=== Begin Enclosure ===
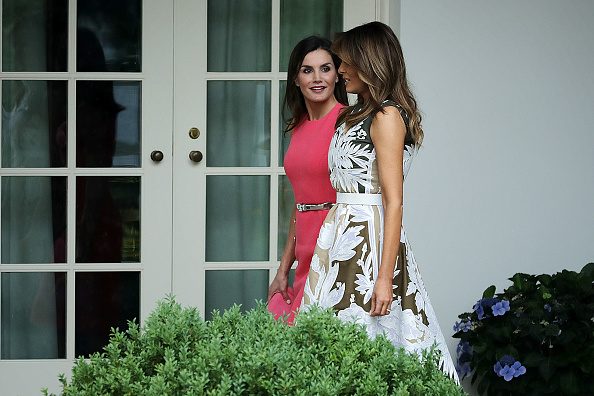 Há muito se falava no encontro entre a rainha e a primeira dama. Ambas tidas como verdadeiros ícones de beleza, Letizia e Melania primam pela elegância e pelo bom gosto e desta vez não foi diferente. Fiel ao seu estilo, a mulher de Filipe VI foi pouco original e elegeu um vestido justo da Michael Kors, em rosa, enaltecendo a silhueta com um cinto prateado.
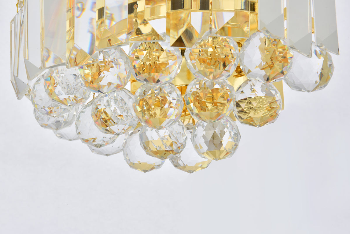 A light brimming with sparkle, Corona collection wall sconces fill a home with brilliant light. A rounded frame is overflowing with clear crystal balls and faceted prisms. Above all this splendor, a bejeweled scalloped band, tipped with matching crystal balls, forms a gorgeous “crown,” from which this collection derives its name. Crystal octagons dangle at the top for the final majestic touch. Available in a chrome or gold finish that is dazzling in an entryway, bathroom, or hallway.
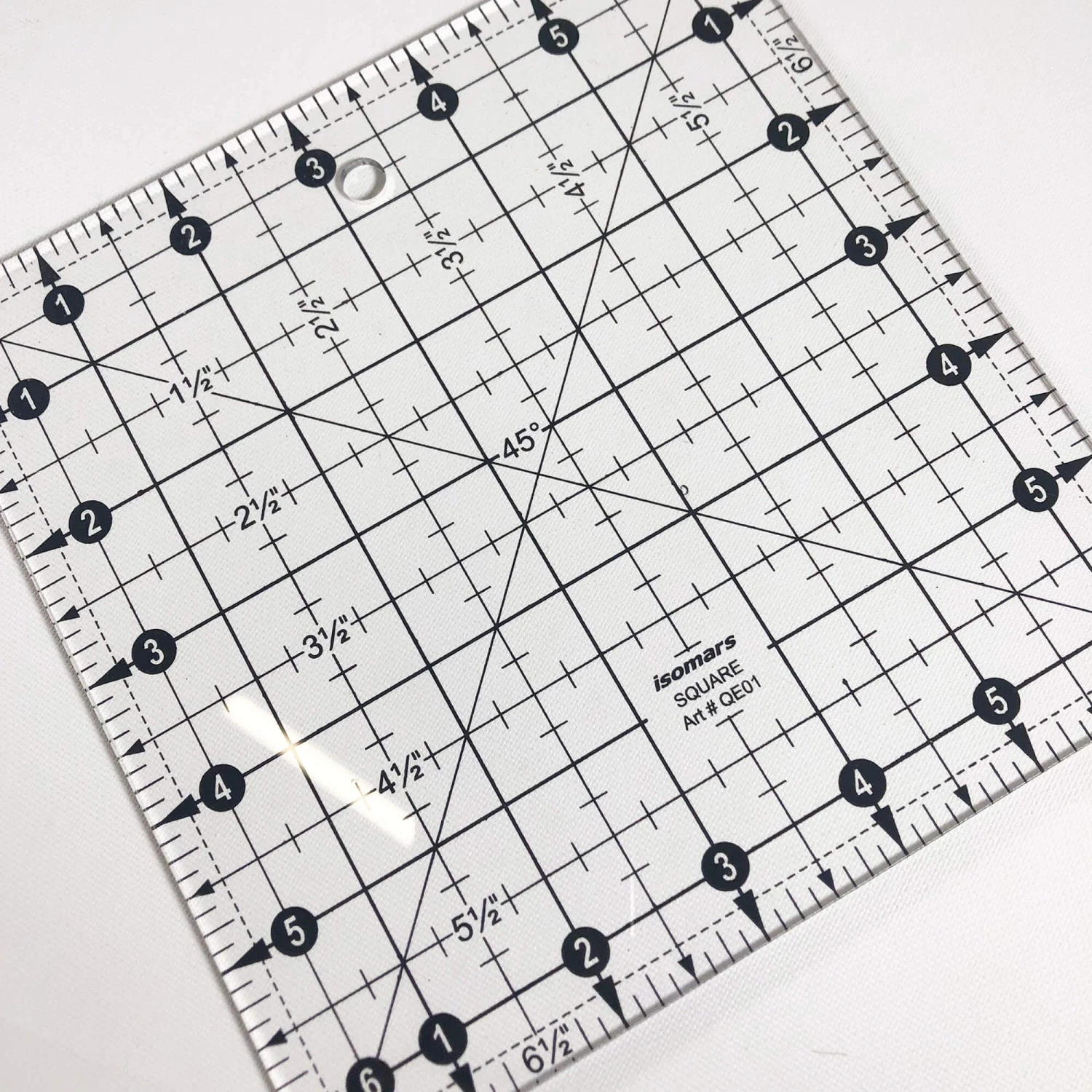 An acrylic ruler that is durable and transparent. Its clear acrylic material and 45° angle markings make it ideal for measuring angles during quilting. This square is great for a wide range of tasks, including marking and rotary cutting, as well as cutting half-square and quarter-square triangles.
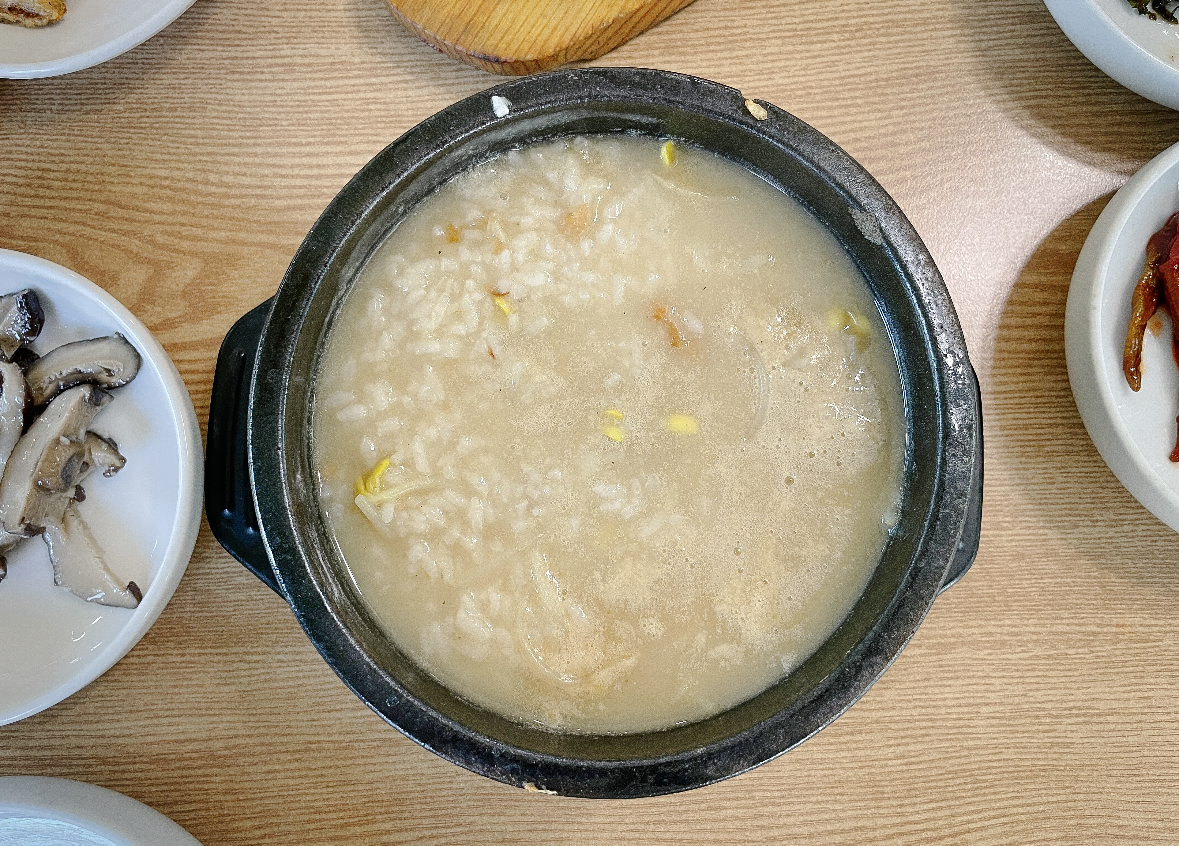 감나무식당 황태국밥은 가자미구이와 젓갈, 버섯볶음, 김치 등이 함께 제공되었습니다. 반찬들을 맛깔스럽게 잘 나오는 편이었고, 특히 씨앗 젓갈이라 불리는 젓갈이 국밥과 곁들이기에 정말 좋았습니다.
=== End Enclosure ===
▸ **Your assignment**: Write out the data above in full and exactly, but not the pictures.

▸ **Exercise result**:
 Há muito se falava no encontro entre a rainha e a primeira dama. Ambas tidas como verdadeiros ícones de beleza, Letizia e Melania primam pela elegância e pelo bom gosto e desta vez não foi diferente. Fiel ao seu estilo, a mulher de Filipe VI foi pouco original e elegeu um vestido justo da Michael Kors, em rosa, enaltecendo a silhueta com um cinto prateado.
 A light brimming with sparkle, Corona collection wall sconces fill a home with brilliant light. A rounded frame is overflowing with clear crystal balls and faceted prisms. Above all this splendor, a bejeweled scalloped band, tipped with matching crystal balls, forms a gorgeous “crown,” from which this collection derives its name. Crystal octagons dangle at the top for the final majestic touch. Available in a chrome or gold finish that is dazzling in an entryway, bathroom, or hallway.
 An acrylic ruler that is durable and transparent. Its clear acrylic material and 45° angle markings make it ideal for measuring angles during quilting. This square is great for a wide range of tasks, including marking and rotary cutting, as well as cutting half-square and quarter-square triangles.
 감나무식당 황태국밥은 가자미구이와 젓갈, 버섯볶음, 김치 등이 함께 제공되었습니다. 반찬들을 맛깔스럽게 잘 나오는 편이었고, 특히 씨앗 젓갈이라 불리는 젓갈이 국밥과 곁들이기에 정말 좋았습니다.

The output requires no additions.